Stored data:

++++++++

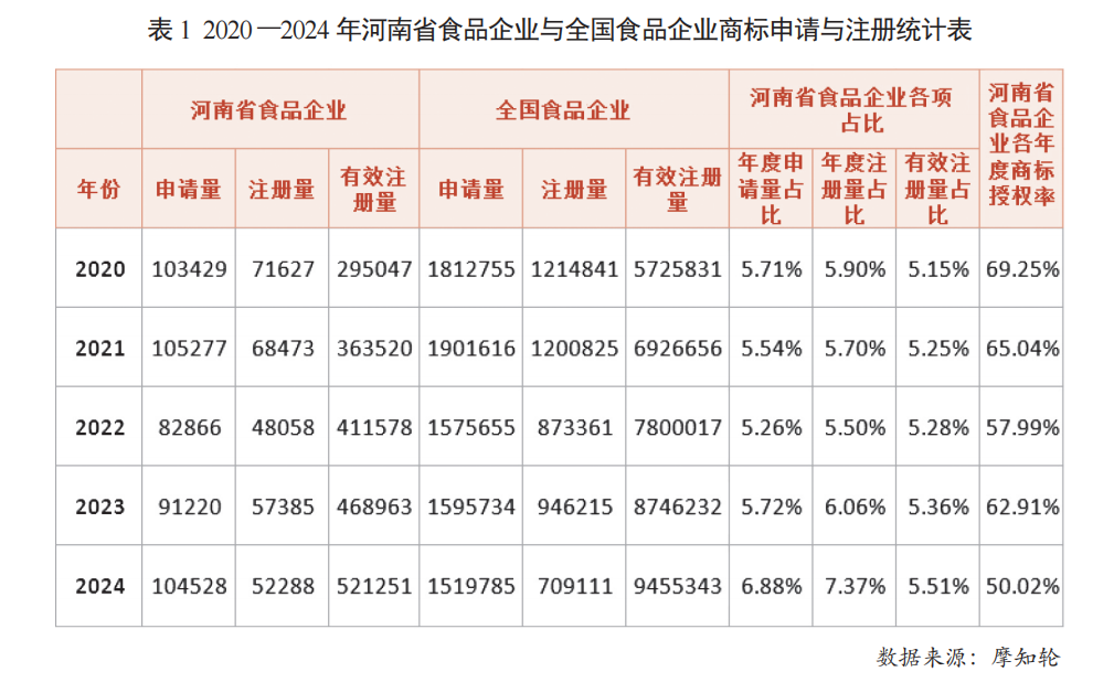 摘 要:河南省作为我国农业大省和食品工业强省,食品产业是其重要经济支柱。本文通过梳理河南省食品企业近五年国内商标申请量、近十年国际商标申请量、地理标志商标注册量等相关数据,系统分析河南省食品企业国内、国际商标申请注册趋势及地理标志发展现状,剖析存在的政策落地效能不足、商标品牌建设保护意识薄弱、地理标志商标数量偏少、区域品牌产业协同效应不足、国际竞争力不强等问题,并提出相应对策建议,为推动河南省从“食品加工大省”向“食品品牌强省”转型 , 加强商标品牌建设,提高市场竞争力提供参考。?
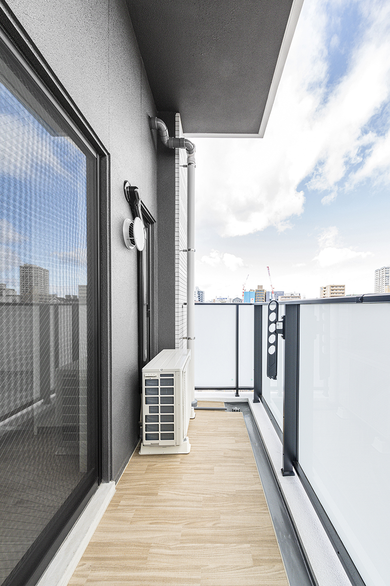 - ワンルームタイプの間取りの半透明のパネルがおしゃれなバルコニー
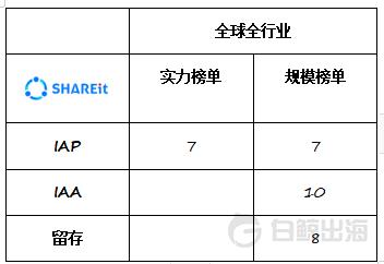 (2)、如果说出海的广告平台里面,还有亮眼成绩的,可能是茄子科技的 SHAREit,在 IAP 和 IAA 榜单都在刷“存在感”,位列安卓端 IAP 全球规模榜和实力榜第 7。此外还入围了安卓端全球留存规模榜第 8、实力榜第 11。在分类榜单上,如游戏和金融行业的也表现不错。
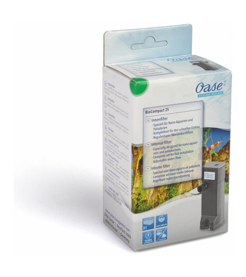 Een filter is het belangrijkste hulpmiddel in uw aquarium als het gaat om schoon water. Een aquarium filter zorgt voor langdurig doorzichtig en helder water, maar ook voor optimale leefomstandigheden voor alle aquariumbewoners. Het BioCompact aquarium binnenfilter 25 is geschikt voor nano-aquariums met een inhoud tot 25 liter met een kleine dierenpopulatie.

++++++++

What the task asks:
For this exercise, transcribe the data above line by line, exactly, with pictures omitted.

Exercise solution:
 摘 要:河南省作为我国农业大省和食品工业强省,食品产业是其重要经济支柱。本文通过梳理河南省食品企业近五年国内商标申请量、近十年国际商标申请量、地理标志商标注册量等相关数据,系统分析河南省食品企业国内、国际商标申请注册趋势及地理标志发展现状,剖析存在的政策落地效能不足、商标品牌建设保护意识薄弱、地理标志商标数量偏少、区域品牌产业协同效应不足、国际竞争力不强等问题,并提出相应对策建议,为推动河南省从“食品加工大省”向“食品品牌强省”转型 , 加强商标品牌建设,提高市场竞争力提供参考。?
 - ワンルームタイプの間取りの半透明のパネルがおしゃれなバルコニー
 (2)、如果说出海的广告平台里面,还有亮眼成绩的,可能是茄子科技的 SHAREit,在 IAP 和 IAA 榜单都在刷“存在感”,位列安卓端 IAP 全球规模榜和实力榜第 7。此外还入围了安卓端全球留存规模榜第 8、实力榜第 11。在分类榜单上,如游戏和金融行业的也表现不错。
 Een filter is het belangrijkste hulpmiddel in uw aquarium als het gaat om schoon water. Een aquarium filter zorgt voor langdurig doorzichtig en helder water, maar ook voor optimale leefomstandigheden voor alle aquariumbewoners. Het BioCompact aquarium binnenfilter 25 is geschikt voor nano-aquariums met een inhoud tot 25 liter met een kleine dierenpopulatie.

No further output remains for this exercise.